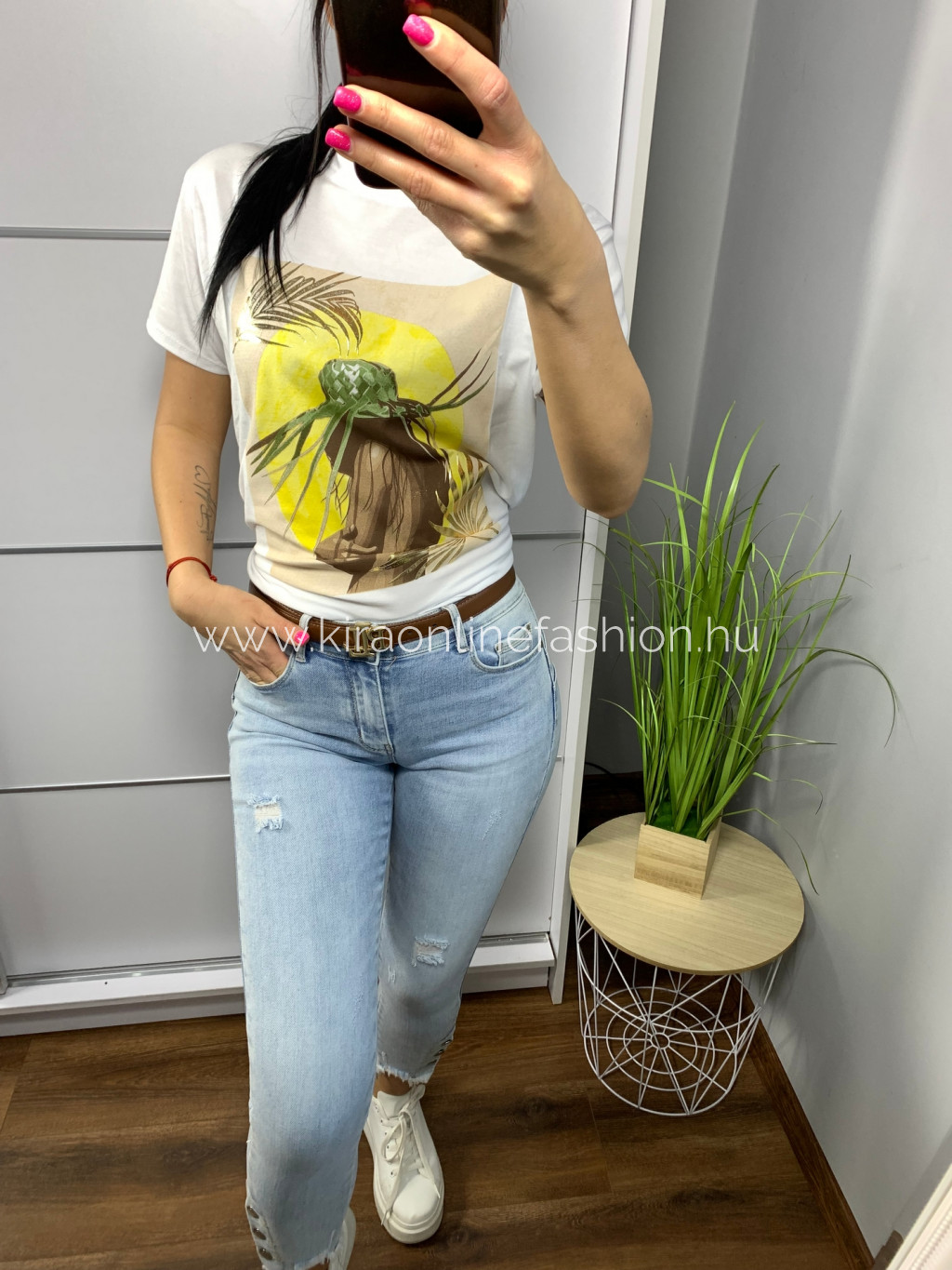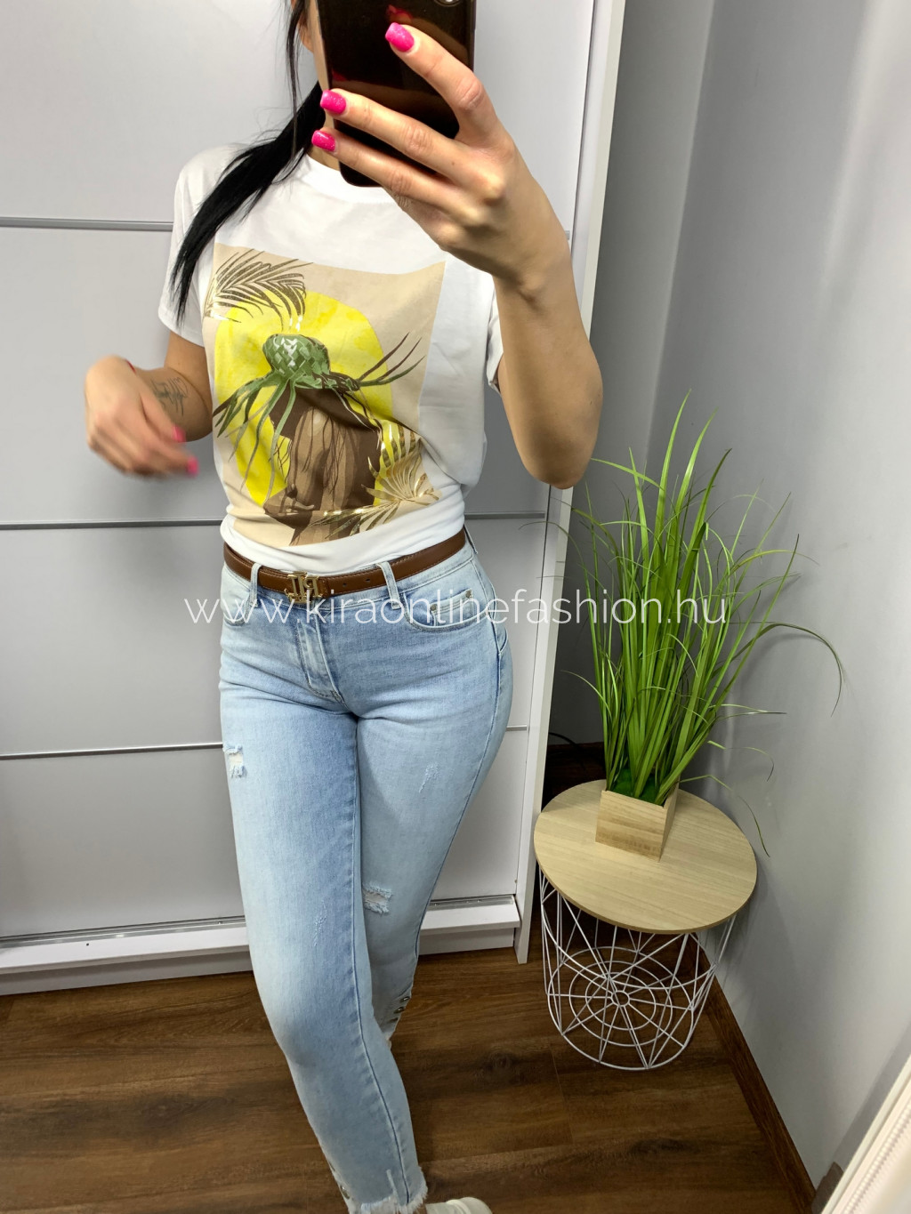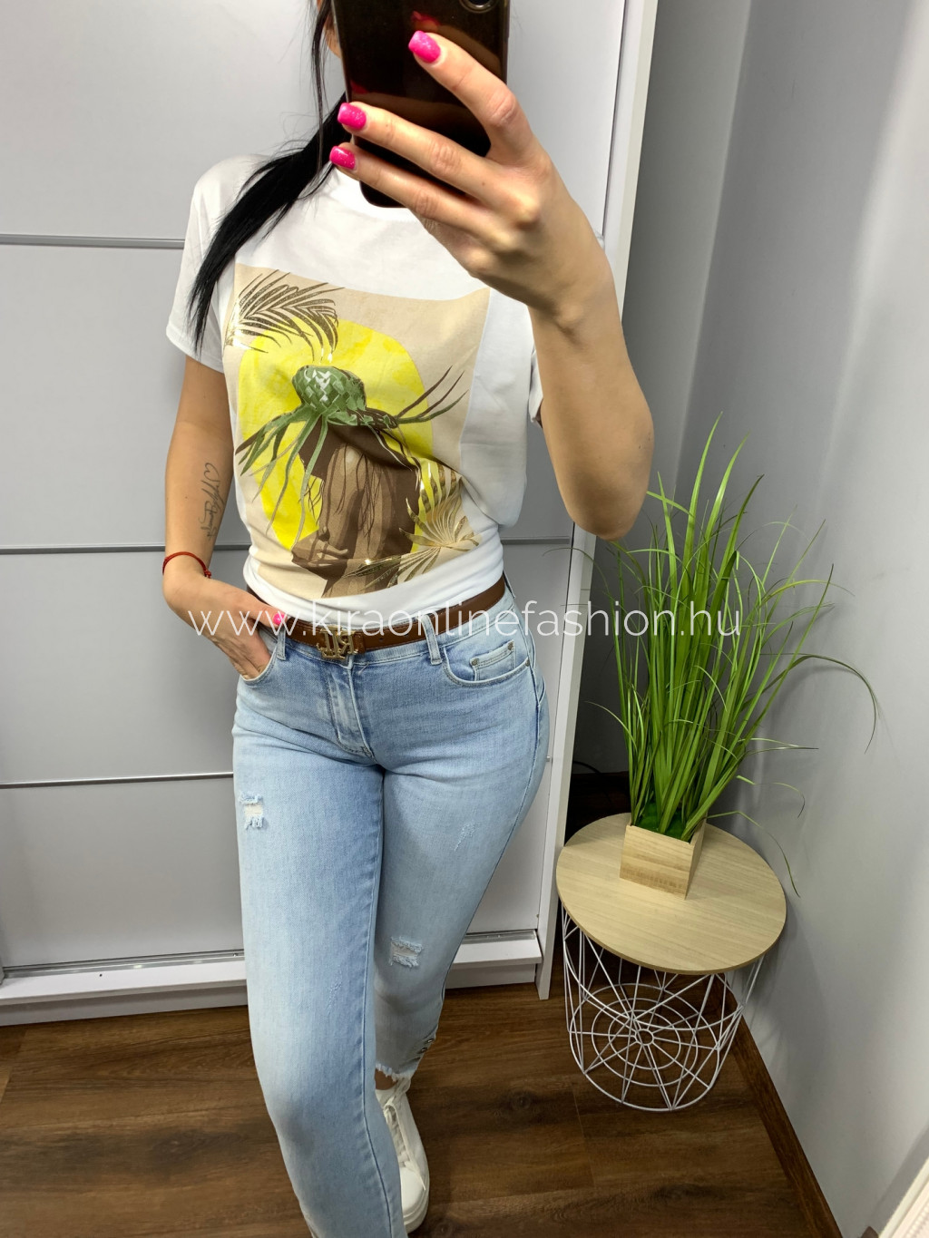 Fehér pamut anyagú póló sárga mintával az eéején. Méret nélküli. S-L méretig ajánlom.
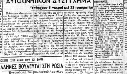 Θύμισες θλιβερές, πριν από εβδομήντα χρόνια «ΠΑΤΡΙΣ ΚΥΡΙΑΚΗ 21 ΟΚΤΩΒΡΙΟΥ 1956 ΤΟ ΧΘΕΣΙΝΟΝ ΠΟΛΥΝΕΚΡΟΝ ΑΥΤΟΚΙΝΗΤΙΚΟΝ ΔΥΣΤΥΧΗΜΑ Υπάρχουν 5 νεκροί και 22 τραυματίαι ... 20.12.2025 10:30
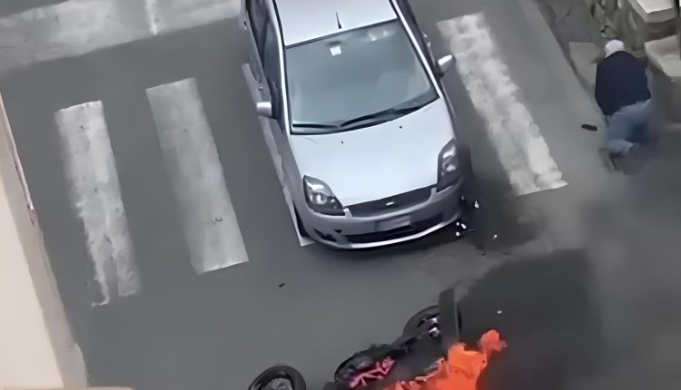 Grave incidente nel centro di Subiaco, moto alle fiamme dopo l’impatto con autovettura
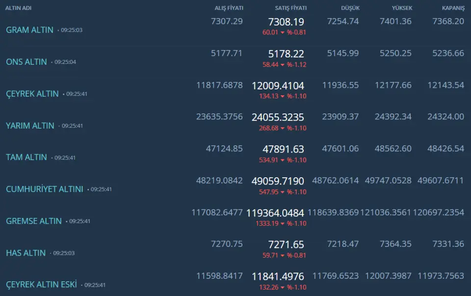 Kapalıçarşı Altın fiyatları
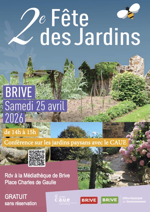 Le CAUE tiendra un stand toute la journée Place du Civoire, à Brive, le samedi 25 avril 2026. N’hésitez pas à venir nous rencontrer pour échanger autour du jardin et plus largement de notre cadre de vie. Notre Paysagiste conseillère animera une conférence gratuite à 14h à la médiathèque sur les jardins paysans de la Corrèze. Venez nombreux…
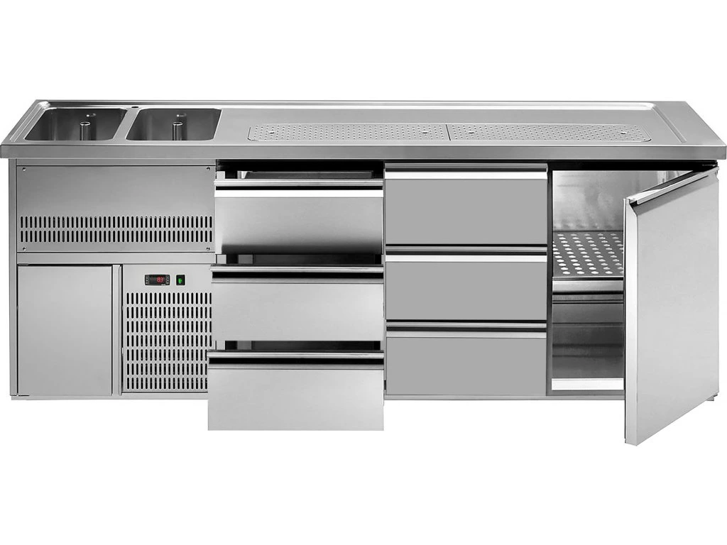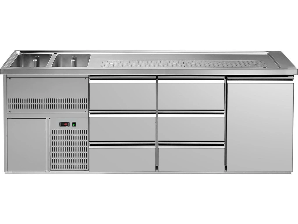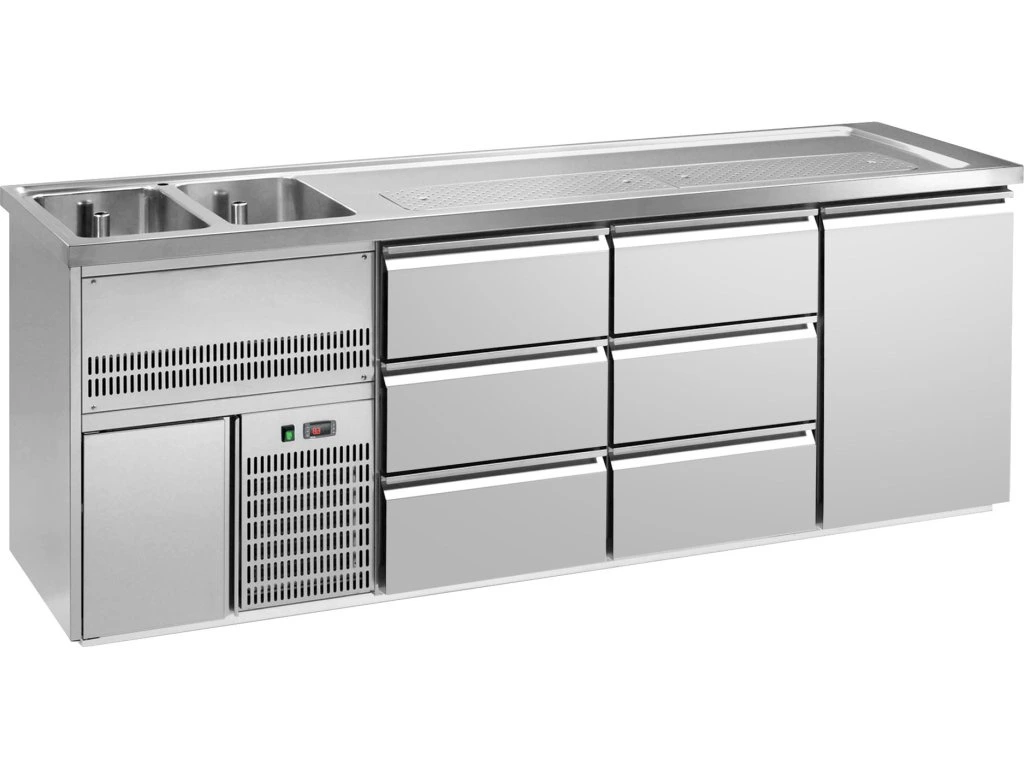 Barowy stół chłodniczy PREMIUM PLUS - 2500x700mm - 1 drzwi & 6 szuflad
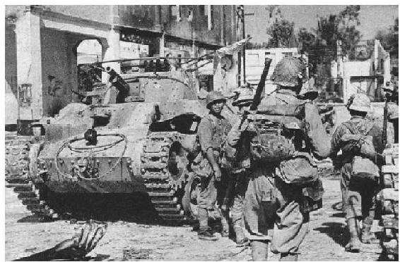 陆战队毫不示弱,一名队员将手雷扔到战车底下,炸毁了它的履带。失去行动能力的战车只能在河滩上团团打转,一发炮弹过去,即化成废铁一堆。
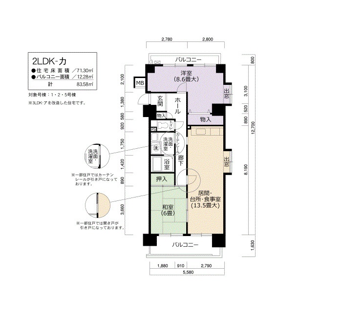 | 間取り | 2LDK | 床面積 | 71㎡ |
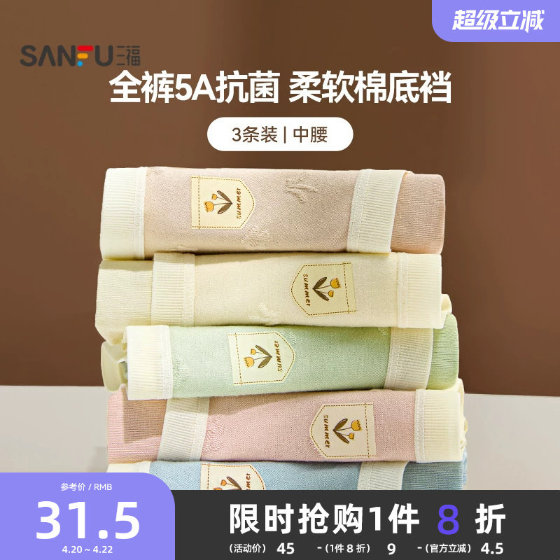 好宠a类抑菌女内裤7A蚕丝抗菌裆中腰学生纯棉透气青少年2026新款
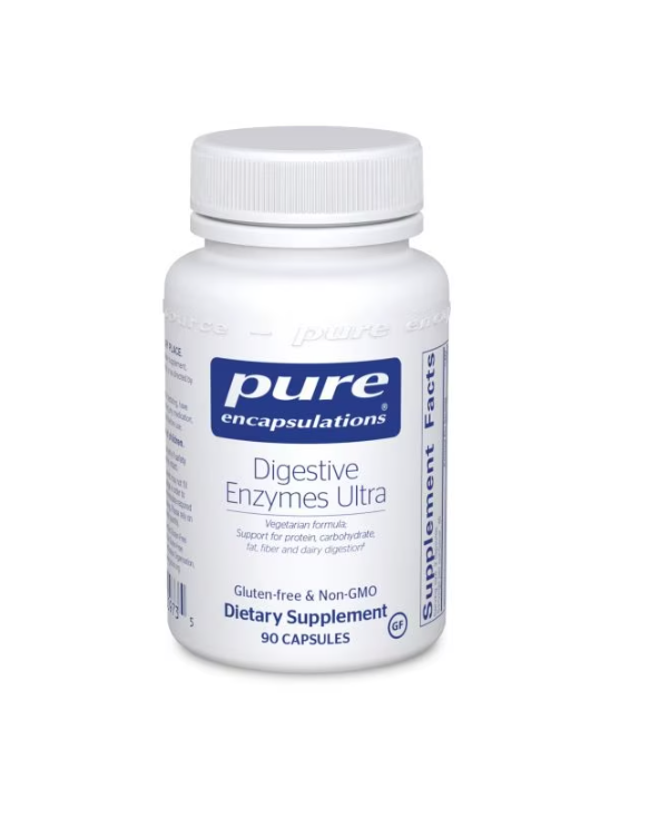 Digestive Enzymes Ultra contains an extensive profile of vegetarian digestive enzymes. Proteases included in this formula provide optimal activity across a wide pH range. They facilitate the normal breakdown of proteins and di- and tri-peptides. Lipase promotes lipid breakdown, while amylase and glucoamylase are included to stimulate polysaccharide breakdown of starch and glycogen. Invertase and lactase support the digestion of carbohydrate disaccharides, including the dairy sugar lactose. This formula also offers numerous enzymes to support fiber breakdown, including cellulase, hemicellulase, beta-glucanase, and phytase. These enzymes act to break down cell wall components and phytic acid, promoting nutrient bioavailability of fiber-containing foods. Additionally, alphagalactosidase promotes the breakdown of certain complex carbohydrates, such as raffinose and stachyose, found in some vegetables, grains, and legumes— helping to relieve occasional bloating or gas.*

+ + + + +

Aim of the task. Line by line, give the material above again exactly, but without any pictures.

Solution for this task.
 Fehér pamut anyagú póló sárga mintával az eéején. Méret nélküli. S-L méretig ajánlom.
 Θύμισες θλιβερές, πριν από εβδομήντα χρόνια «ΠΑΤΡΙΣ ΚΥΡΙΑΚΗ 21 ΟΚΤΩΒΡΙΟΥ 1956 ΤΟ ΧΘΕΣΙΝΟΝ ΠΟΛΥΝΕΚΡΟΝ ΑΥΤΟΚΙΝΗΤΙΚΟΝ ΔΥΣΤΥΧΗΜΑ Υπάρχουν 5 νεκροί και 22 τραυματίαι ... 20.12.2025 10:30
 Grave incidente nel centro di Subiaco, moto alle fiamme dopo l’impatto con autovettura
 Kapalıçarşı Altın fiyatları
 Le CAUE tiendra un stand toute la journée Place du Civoire, à Brive, le samedi 25 avril 2026. N’hésitez pas à venir nous rencontrer pour échanger autour du jardin et plus largement de notre cadre de vie. Notre Paysagiste conseillère animera une conférence gratuite à 14h à la médiathèque sur les jardins paysans de la Corrèze. Venez nombreux…
 Barowy stół chłodniczy PREMIUM PLUS - 2500x700mm - 1 drzwi & 6 szuflad
 陆战队毫不示弱,一名队员将手雷扔到战车底下,炸毁了它的履带。失去行动能力的战车只能在河滩上团团打转,一发炮弹过去,即化成废铁一堆。
 | 間取り | 2LDK | 床面積 | 71㎡ |
 好宠a类抑菌女内裤7A蚕丝抗菌裆中腰学生纯棉透气青少年2026新款
 Digestive Enzymes Ultra contains an extensive profile of vegetarian digestive enzymes. Proteases included in this formula provide optimal activity across a wide pH range. They facilitate the normal breakdown of proteins and di- and tri-peptides. Lipase promotes lipid breakdown, while amylase and glucoamylase are included to stimulate polysaccharide breakdown of starch and glycogen. Invertase and lactase support the digestion of carbohydrate disaccharides, including the dairy sugar lactose. This formula also offers numerous enzymes to support fiber breakdown, including cellulase, hemicellulase, beta-glucanase, and phytase. These enzymes act to break down cell wall components and phytic acid, promoting nutrient bioavailability of fiber-containing foods. Additionally, alphagalactosidase promotes the breakdown of certain complex carbohydrates, such as raffinose and stachyose, found in some vegetables, grains, and legumes— helping to relieve occasional bloating or gas.*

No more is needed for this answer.